As for the multi-class model, being unable to predict a draw at all is something that may require more data preprocessing or a different modeling strategy. Looking at the confusion matrix for it, the model clearly only predicted actual wins by either corner, which is why I decided to drop that class entirely.
If these models were to be used in any capacity, I can tailor the input features to whatever is necessary. As-is, I would expect it to be run using the same information scraped from ufcstats.com, but could always be altered to accept different subsets of features.

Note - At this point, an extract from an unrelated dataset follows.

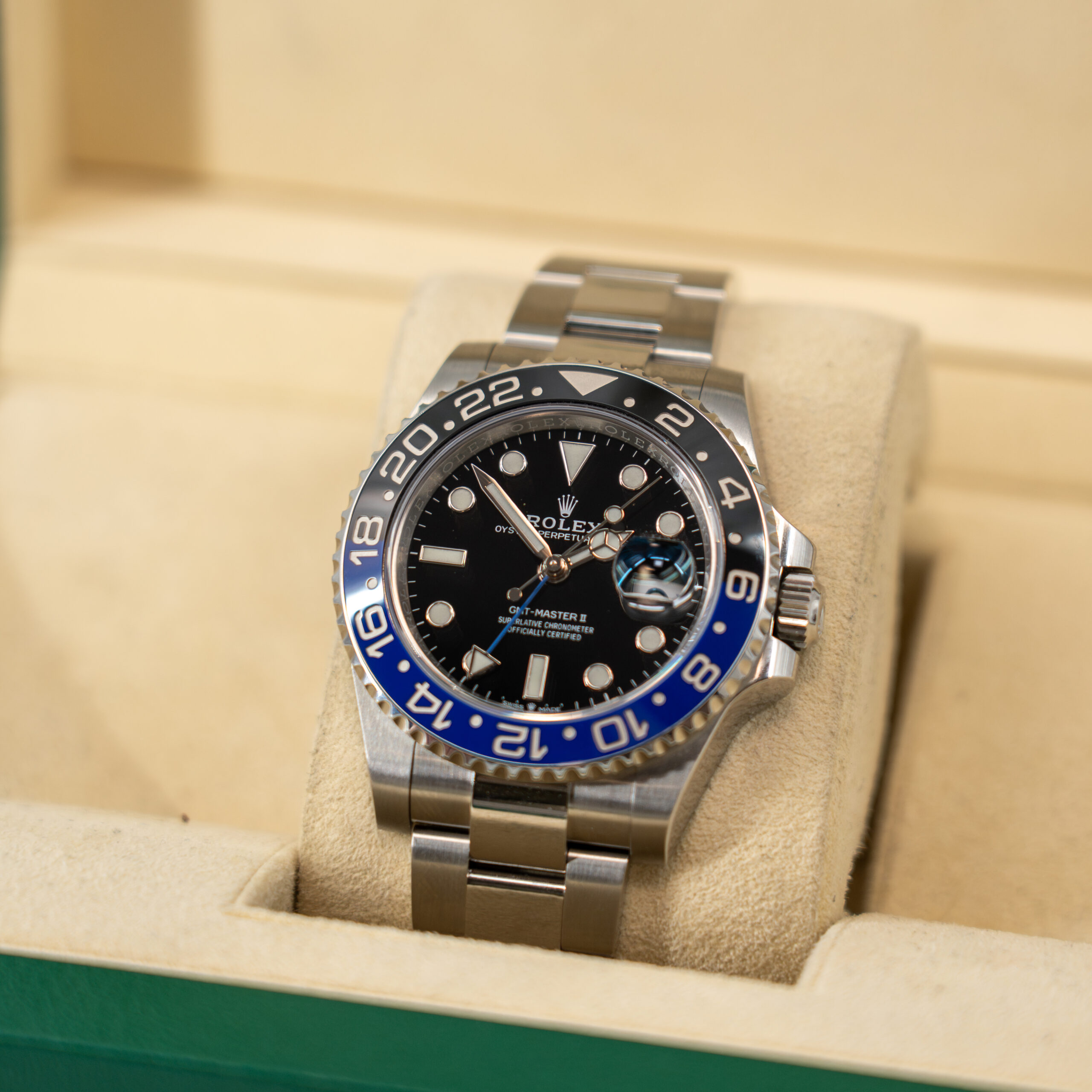 The Iconic “Batman” Bezel: This was the first watch ever to feature a single-block, two-colour Cerachrom ceramic bezel. The striking blue and black insert isn’t just for looks—it’s virtually scratch-proof and resistant to UV fading, ensuring those colors stay vibrant for decades!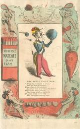 | Keywords: library company of philadelphia librarycompanyofphiladelphia united states unitedstates history civil war civilwar 1861-1865 18611865 soldiers cartoons wit humor drawing text writing sketch painting illustration cartoon The first line quotes from Charles Carroll Sawyer's sentimental Civil War ballad, "When this cruel war is over." The valentine shows a Union soldier lighting his cigarette from a bomb as bombs fly in the background behind him. The border features matches, a heart-shaped beet, and cherubs playing tennis and tug o' war. The label on the matchbox reads "Red-headed matches go off easy," and the beet is marked "D.B." [i.e. "dead beat" or "dead beet"]. The first line quotes from Charles Carroll Sawyer's sentimental Civil War ballad, "When this cruel war is over." The valentine shows a Union soldier lighting his cigarette from a bomb as bombs fly in the background behind him. The border features matches, a heart-shaped beet, and cherubs playing tennis and tug o' war. The label on the matchbox reads "Red-headed matches go off easy," and the beet is marked "D.B." [i.e. "dead beat" or "dead beet"].  |

Additionally, combat sports by nature are very volatile when it comes to determining a winner. There are numerous ways to "get lucky" and steal a win, or to simply be in bad shape. There are intangibles such as "having heart" or a "strong chin" that would be difficult to quantify. In addition, important information such as fighting styles or what training camp they fight for could prove to be valuable to my model. Otherwise, given more time I would like to play more with what attributes I can add (or remove) in order to inch my accuracy higher.